*** Opening AVAILABLE RECORDS ***

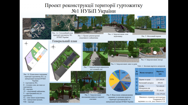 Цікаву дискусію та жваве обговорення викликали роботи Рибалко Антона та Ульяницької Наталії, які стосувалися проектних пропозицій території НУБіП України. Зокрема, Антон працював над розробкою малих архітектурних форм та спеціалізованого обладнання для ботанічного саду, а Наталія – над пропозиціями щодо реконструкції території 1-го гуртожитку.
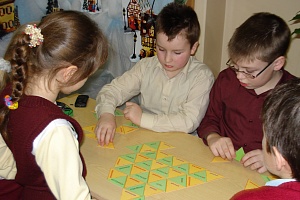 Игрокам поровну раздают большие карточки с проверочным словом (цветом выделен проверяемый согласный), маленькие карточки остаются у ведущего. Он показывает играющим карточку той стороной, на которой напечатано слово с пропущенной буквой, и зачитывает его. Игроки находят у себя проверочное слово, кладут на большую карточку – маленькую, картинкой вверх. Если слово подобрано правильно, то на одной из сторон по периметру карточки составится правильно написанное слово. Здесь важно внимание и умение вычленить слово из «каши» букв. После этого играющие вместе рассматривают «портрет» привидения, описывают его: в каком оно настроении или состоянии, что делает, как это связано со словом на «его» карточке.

*** Closing AVAILABLE RECORDS ***
*** Opening AVAILABLE RECORDS ***

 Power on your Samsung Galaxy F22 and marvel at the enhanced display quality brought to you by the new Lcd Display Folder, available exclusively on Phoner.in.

*** Closing AVAILABLE RECORDS ***

Extract the part of the records that opens with the line containing "Цікаву дискусію та" and closes with the line containing "Игрокам поровну раздают". Take only those lines, exactly, and no pictures.

ANSWER SPACE
 Цікаву дискусію та жваве обговорення викликали роботи Рибалко Антона та Ульяницької Наталії, які стосувалися проектних пропозицій території НУБіП України. Зокрема, Антон працював над розробкою малих архітектурних форм та спеціалізованого обладнання для ботанічного саду, а Наталія – над пропозиціями щодо реконструкції території 1-го гуртожитку.
 Игрокам поровну раздают большие карточки с проверочным словом (цветом выделен проверяемый согласный), маленькие карточки остаются у ведущего. Он показывает играющим карточку той стороной, на которой напечатано слово с пропущенной буквой, и зачитывает его. Игроки находят у себя проверочное слово, кладут на большую карточку – маленькую, картинкой вверх. Если слово подобрано правильно, то на одной из сторон по периметру карточки составится правильно написанное слово. Здесь важно внимание и умение вычленить слово из «каши» букв. После этого играющие вместе рассматривают «портрет» привидения, описывают его: в каком оно настроении или состоянии, что делает, как это связано со словом на «его» карточке.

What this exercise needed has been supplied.